18 U.S.C. §287 criminalizes making false claims against the government. Similar to its civil counterpart, §287 targets alleged offenders who knowingly make a false claim to a U.S. Officer or agency. Although §287 does not explicitly define “claim,” the United States Supreme Court has held claim to relate solely to the payment or approval of a claim for money or property. The government does not have to prove that the alleged offender acted with the intent to deceive, nor does the alleged offender have to have submitted the claim directly to a government officer or agency, submitting it through an intermediary will do. Even presenting or cashing a tax refund or stimulus check generated from false information constitutes making a false claim against the government.

18 U.S.C. §1001 criminalizes making false statements to a federal agency. To convict an alleged offender under §1001, a prosecutor must show the alleged offender willfully and knowingly made a false statement concerning a material matter to a department or agency of the United States. It had been long established that a federal court is neither a ‘department,’ nor an ‘agency’ under §1001. This changed, however, with passage of the False Statements Accountability Act of 1996, which amended §1001, broadening the definition of ‘department’ and ‘agency’ to include all three branches of the federal government. The range of prosecutable acts is similarly broad—more complex schemes involving multiple alleged offenders, as well as an individual’s single false response to a question from a border or United States Immigration and Naturalization Service agent during routine inquiries may result in criminal charges. 

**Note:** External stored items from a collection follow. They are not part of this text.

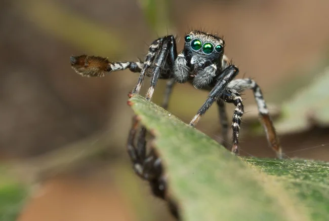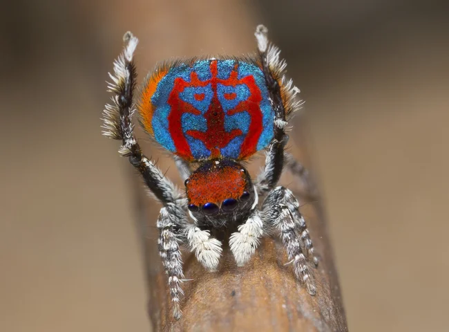 Вернёмся на сушу, в Австралию, где обитает другое странное существо в глубинах экосистемы. “Прыгающие пауки-павлины” по началу звучит ужасно, но, к счастью, они довольно маленького размера. Самцы вырастают до 4,1 миллиметра в длину, тогда как самки достигают 5,11 миллиметра. И при этом они становятся большой сенсацией — с момента, как в 2017 году Юрген Отто поделился фотографиями самцов, пытающихся завоевать самок эффектным брачным танцем. Первоначально Отто открыл этот вид в 2005 году, но только недавно пауки-павлины стали более известны.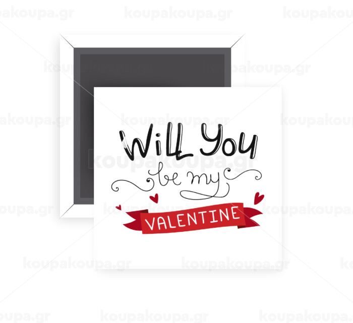Will you be my Valentine???, Μαγνητάκι ψυγείου τετράγωνο διάστασης 5x5cm
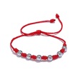Gümüş Eetit Unisex 7 Knot Şanslı El Yapımı Dokuma Takı Hediye Moda Paslanmaz Çelik Boncuk Kırmızı Halat Örgülü Kader Dilek Bilezik Bileklik Gümüş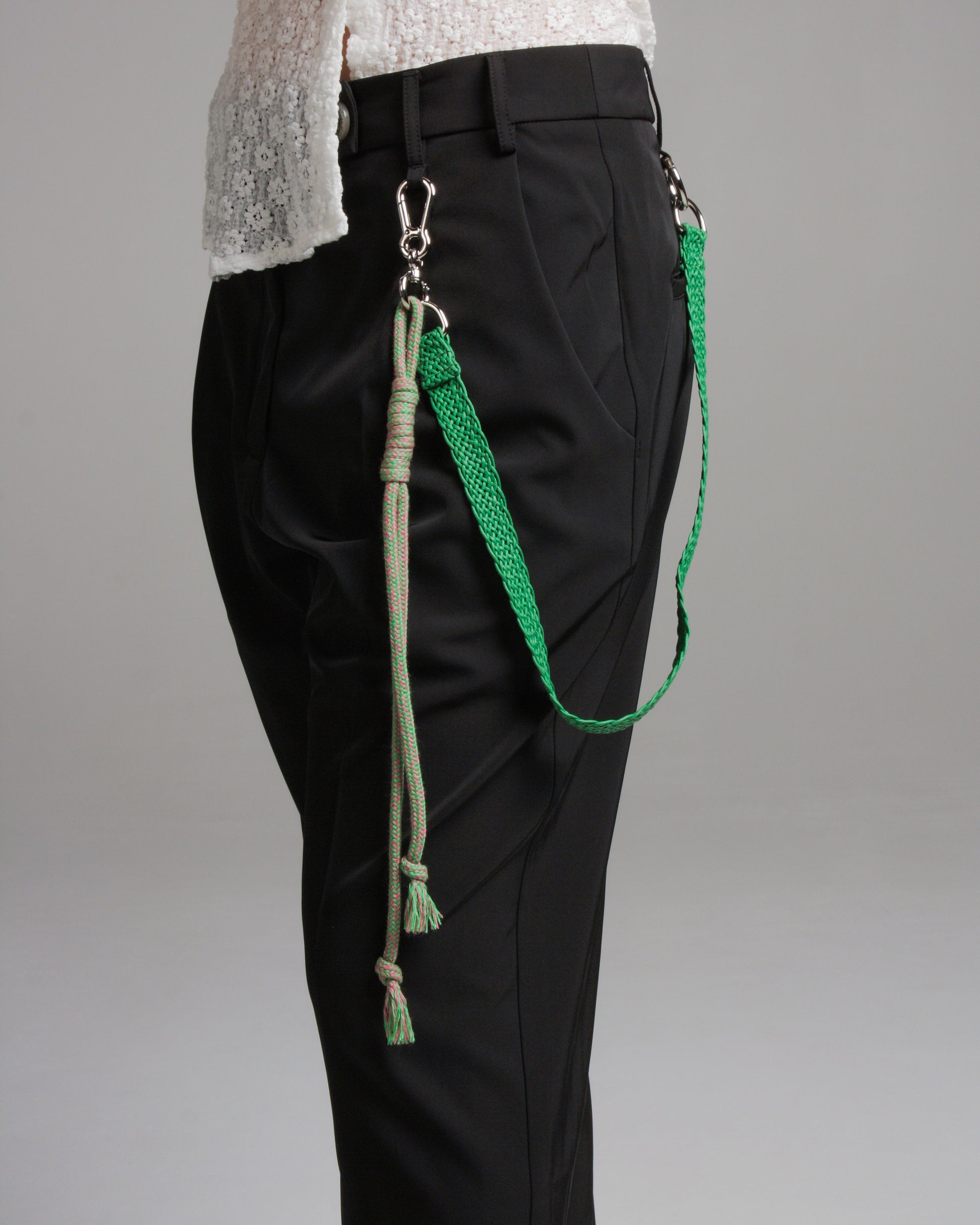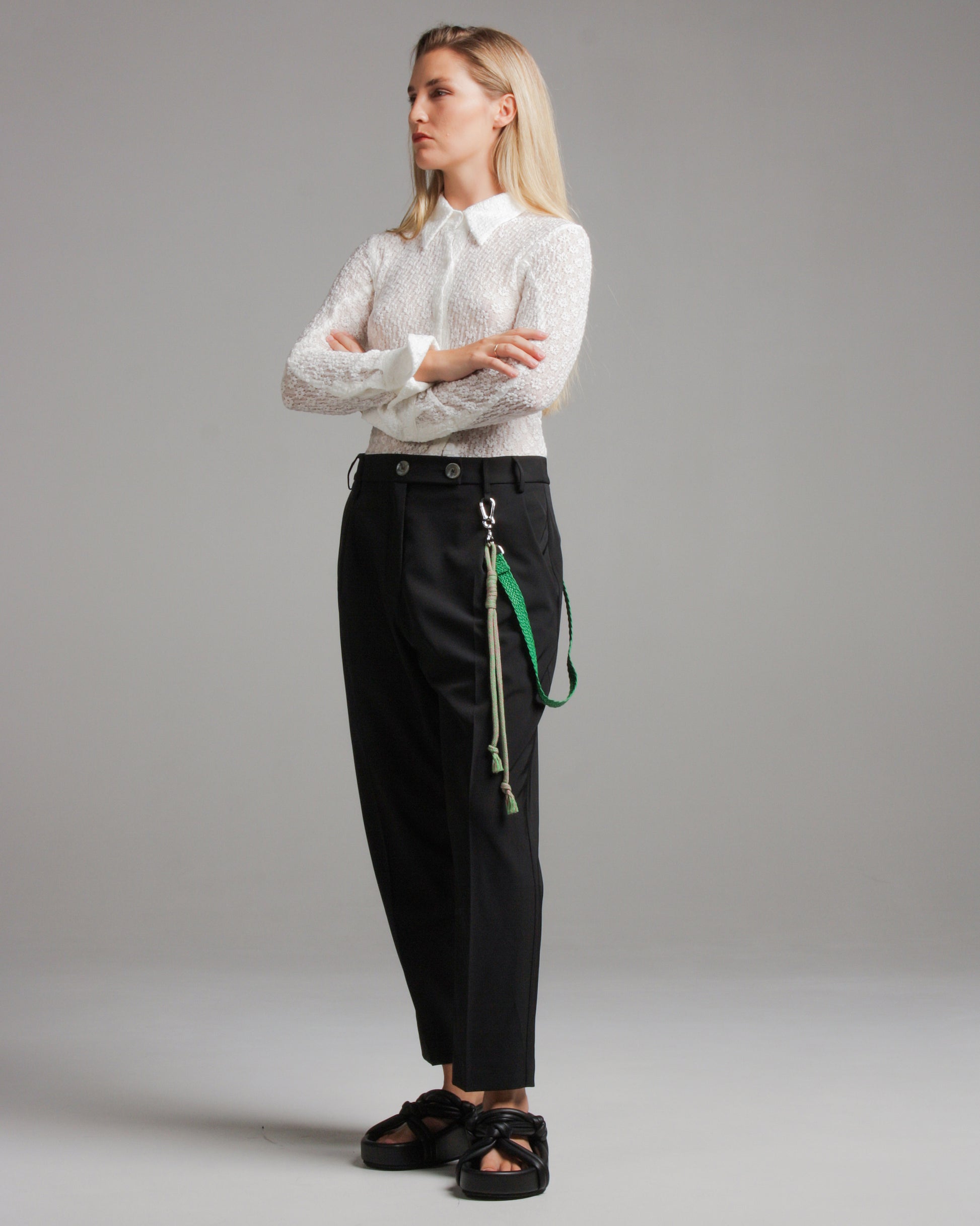 Poly tech tapered pant by Song for the Mute. Pleated trouser style with double button and fly closure. Structured at the waist before tapering at the ankles. Fluid blend of polyester with elastane has a slippery, sheened texture. Signature braided lanyard completes the look.

False statements related to health care matters

Making false statements related to health care matters is prosecuted under 18 U.S.C. §1035(a). U.S. Attorney’s Offices throughout the country have experienced a surge in reports of fraud in the wake of the COVID-19 pandemic. Federal prosecutors have stepped up efforts to target individuals who profit off the pandemic through fraudulent means. §1035(a)’s relatively broad scope provides a very flexible tool for prosecutors. To convict an alleged offender, the government must prove beyond a reasonable doubt the defendant knowingly and willfully falsified, concealed or covered up a material fact through some scheme, or made or used a materially false statement, writing or document in connection with the delivery of or payment for health care benefits, items or services. Although §1035(a) is often used to prosecute large businesses or their managers for comparatively complex schemes of fraud, an individual who simply claimed false symptoms to their doctor to obtain hydroxychloroquine has also been prosecuted. 

Offenders convicted under §287 face up to 10 years in prison and fines up to $250,000. Those convicted under §1001 and §1035(a) face up to 5 years in prison.

The list of possible related criminal charges does not end here. Combined with the expansive reach of the FCA, federal prosecutors are increasingly able to match the evolving nature and complexity of fraudulent claim schemes with an equally adaptable body of criminal statutes and case law, continuously bolstering the criminal arm of the federal government’s response to fraud against the government.